Poco tiempo después, desilusionado de todo, el padre de Miller, Pablo López Capestany, respetado abogado y periodista de la época, fue a un programa televisivo de CMQ donde solían entrevistarlo de vez en cuando, llamado Ante la Prensa, y disparó frente a cámaras dos cosas: una, que Fidel Castro y su gobierno eran comunistas, lo cual ya para ese entonces era oficial, pero dos, que eso, el comunismo, no había sido lo prometido años atrás.
“Mami y abuela le rogaron esa mañana en casa para que no fuera a cometer semejante locura, pero él ya había tomado su decisión y así lo hizo”.
–¿Qué sucedió después?
–Un amigo lo sacó rápido de allí y lo llevó para una casa en la playa, donde permaneció escondido durante un par de meses. Lo arrestaron luego, cuando regresó a La Habana debido al fallecimiento de su padre. Después del entierro, cuando recién había terminado de bañarse y estaba vistiéndose para regresar al escondite, llegaron los milicianos a casa y se lo llevaron preso.

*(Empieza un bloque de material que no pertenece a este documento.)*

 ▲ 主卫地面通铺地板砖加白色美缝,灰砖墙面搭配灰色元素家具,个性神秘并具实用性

–¿Lo apresaron por haber dicho en CMQ que Fidel era comunista?
–No. Lo acusaron de haber planeado el asesinato de Carlos Rafael Rodríguez, lo cual era un chiste, porque ambos eran amigos y hasta estudiaron juntos.

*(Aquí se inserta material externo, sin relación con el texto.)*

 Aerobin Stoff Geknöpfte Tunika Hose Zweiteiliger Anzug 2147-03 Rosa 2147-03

–¿A cuánto tiempo lo condenaron?
–A veinte años, aunque solo cumplió cuatro. Lo llevaron a una prisión en Isla de Pinos, donde guardó celda con Alberto Muller. Cuando Carlos Rafael se enteró, hizo todas las gestiones para sacarlo y también lo ayudó luego, cuando le consiguió la salida para los Estados Unidos en un barco de la Cruz Roja.
***
Pasados unos meses, en marzo de 1962 y aún con el padre preso, Miller se embarcaría de la noche a la mañana en un viaje solitario hacia los Estados Unidos que duraría poco más de tres años. Su familia, temerosa respecto al paso implacable de la Revolución y el tan sonado adoctrinamiento comunista, vio en la salida propuesta para ella por la Iglesia la única forma de salvación.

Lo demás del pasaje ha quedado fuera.